Government Workers Blast Babbitt

Secretary of the Interior Bruce Babbitt will climb aboard a floating barge on the Neuse River near Goldsboro, North Carolina, Wednesday morning to demolish the 55-year-old, 260-foot long Quaker Neck Dam with an industrial wrecking ball.

The voluntary watershed restoration project, carried out under a public-private partnership between state and federal agencies, fisheries groups and Carolina Power & Light (CP&L), will improve fish habitat along a 75 mile (120 kilometer) stretch of the river and help replenish 925 miles (1480 kilometers) of tributary spawning areas.

"This dam removal is far more than a symbol of the shifting tide in American conservation," said Babbitt. "By unlocking the current from headwaters to the Atlantic, we yield a real windfall for the state's sportfishing industry, already the sixth largest in the country."

Last year, 1 million anglers fished 22 million days, generating $1.6 billion in the Tar Heel State. Opening 925 miles of freshwater spawning habitat for anadromous fish is expected to boost those numbers, generating tens of millions of dollars in rural markets.

But while Secretary Babbitt is wrecking dams, he is under attack from his own employees. Public Employees for Environmental Responsibility (PEER), a national alliance of state and federal employees working in land management and pollution control agencies, has just released a report accusing Babbitt and others of suspending enforcement of the Endangered Species Act.

The report's title "War of Attrition," is drawn from a comment made by PEER Executive Director Jeff Ruch about what he says is the failure of the Department of the Interior and the U.S. Fish & Wildlife Service (USFWS) to list species despite the findings of their own scientists.

Ruch said, "Fearing a political backlash, Clinton Administration officials are themselves playing politicis by blocking new listing recommendations from their own scientists. The Department of Interior is waging a war of attrition against unprotected wildlife."

Blaming budgetary limitations, USFWS has stopped reviewing almost all new listing petitions. But the agency is spending millions of dollars to fight lawsuits brought by environmental groups to force listing of various species.

More than 20 species have recently been listed after court orders. The status of nearly 300 species is now the subject of pending lawsuits, while notices of intent to sue have been filed on behalf of another 150 species.

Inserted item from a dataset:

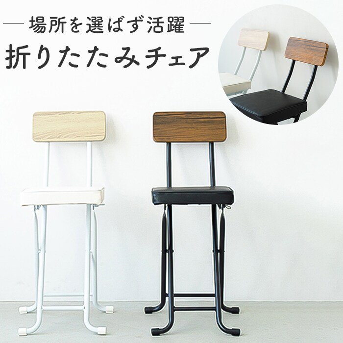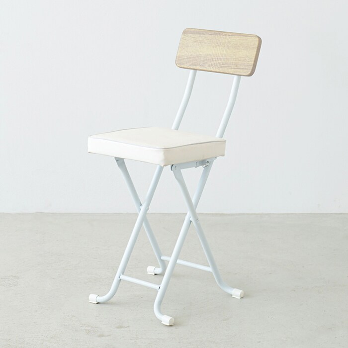 | 商品説明 | 場所を選ばずいろいろなシーンで活躍する折りたたみチェア。温かみを感じるヴィンテージ木目調の背もたれがアクセント。座面は厚みのある四角いクッション、背もたれに合わせたデザイン。スチール脚は艶なしの粉体塗装仕上げ、上品な空間を演出。使わない時はサッと折りたたみできてコンパクトに収納。 |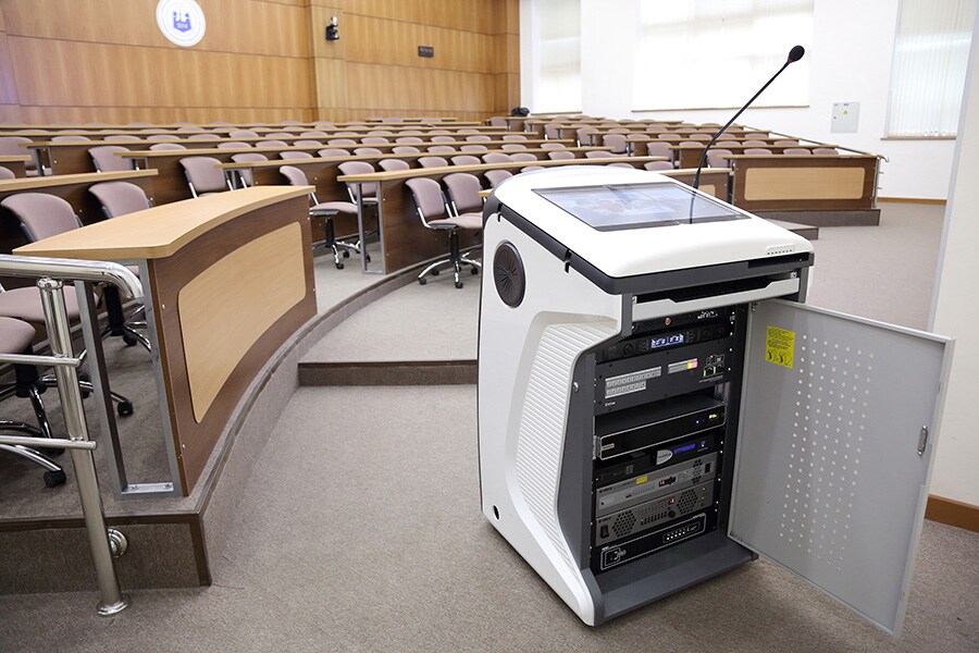 “Singkatnya yaitu untuk menyediakan ruang belajar dengan sistem audio yang mempertimbangkan desain dan karakteristik akustik berbeda dari setiap ruang, dimana memberikan cakupan suara yang seragam dan memastikan setiap mahasiswa merasakan audio berkualitas tinggi yang sama," kata Tn. Ilshat Kallimulin, engineer proyek utama ShowPro, yang telah merancang dan mengimplementasikan sistem.

The actions of Secretary Babbitt in regard to listing of the Barton Springs salamander are used in the PEER report as a case in point. The salamander, found only in Barton Springs in the City of Austin, Texas was endangered by encroaching development and deteriorating water quality in the opinion of USFWS biologist Lisa O'Donnell. She recemmended that it be listed as endangered. The report says O'Donnell was told that the USFWS was not going to take action and would let the state of Texas handle the salamander question.

"In order to avoid the legal obligation to list the species, Interior Secretary Bruce Babbitt stepped into the decision-making process and withdrew the proposed listing. To justify his action Secretary Babbitt entered into a Conservation Agreement with the State of Texas," the PEER report alleges.

A local environmental group, Save Our Springs, sued successfully to force listing of the Barton Springs salamander - listing that poses some problems for potential developers of the Barton Springs area. The U.S. District Court found that Babbitt's decision was "arbitrary and capricious," noting that the Secretary cannot use promises of proposed future actions as an excuse for not making a determination based on the existing record.

PEER's executive director Ruch thinks there is a strategy behind the Interior Secretary's actions. "Secretary Babbitt is blocking new listings and prolonging legal resistance to listing litigation in order to buy enough time to win legislative relief." In its report PEER argues that the Interior Secretary is coming down on the side of development rather than on the side of endangered species.

Meanwhile, in September the USFWS removed five species from the roster of candidates for listing as endangered or threatened. They had gone extinct while waiting.